[TASK PROMPT]: Transcribe each line below verbatim; pictures excluded.

____ DATASET CONTENT

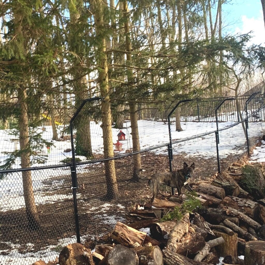This setup is doing something right. A black powder-coated chain-link fence curves through a wooded backyard, creating a dedicated dog run that blends into the trees instead of fighting them. The inward-angled top rail is the real move here — it’s designed so escape artists can’t climb out.
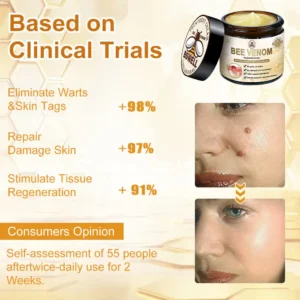 Another significant advantage of bee venom is its capacity to enhance blood circulation. By stimulating blood flow in the targeted region, it supports the elimination of skin tags and warts while fostering tissue regeneration and accelerating the healing process. This contributes to the restoration and revitalization of impaired tissues. Additionally, the cream helps maintain skin elasticity and firmness, ensuring long-term skin health.
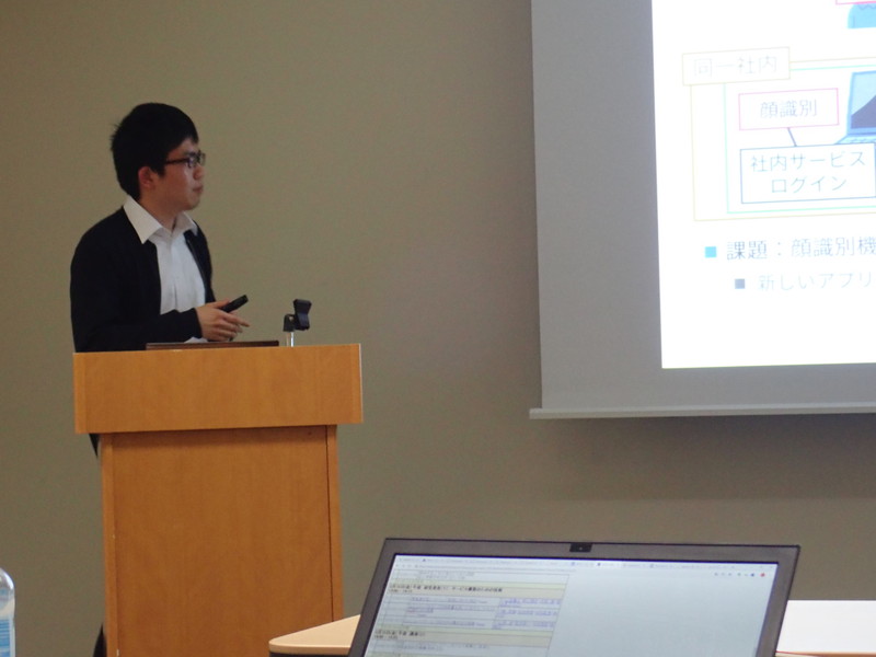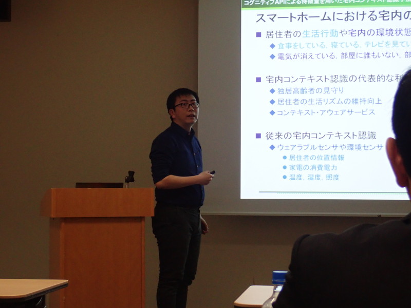 このうち陳さん,前田さん,平山が発表を行いました. タイトルは, 陳さんが“コグニティブAPIによる特徴量を用いた宅内コンテキスト認識手法の提案”, 前田さんが“エージェントによる「こころ」センシングを活用した物忘れ支援サービスの提案”, 平山が“顔識別センサボックスとバーチャルエージェントを活用したスマート出退社サービスの開発”です.
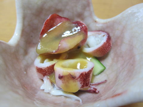 まずはお通し。ホタルイカとキュウリの酢味噌和え。しょっぱなから美味しい。

________

[FINISHED EXERCISE]:
This setup is doing something right. A black powder-coated chain-link fence curves through a wooded backyard, creating a dedicated dog run that blends into the trees instead of fighting them. The inward-angled top rail is the real move here — it’s designed so escape artists can’t climb out.
 Another significant advantage of bee venom is its capacity to enhance blood circulation. By stimulating blood flow in the targeted region, it supports the elimination of skin tags and warts while fostering tissue regeneration and accelerating the healing process. This contributes to the restoration and revitalization of impaired tissues. Additionally, the cream helps maintain skin elasticity and firmness, ensuring long-term skin health.
 このうち陳さん,前田さん,平山が発表を行いました. タイトルは, 陳さんが“コグニティブAPIによる特徴量を用いた宅内コンテキスト認識手法の提案”, 前田さんが“エージェントによる「こころ」センシングを活用した物忘れ支援サービスの提案”, 平山が“顔識別センサボックスとバーチャルエージェントを活用したスマート出退社サービスの開発”です.
 まずはお通し。ホタルイカとキュウリの酢味噌和え。しょっぱなから美味しい。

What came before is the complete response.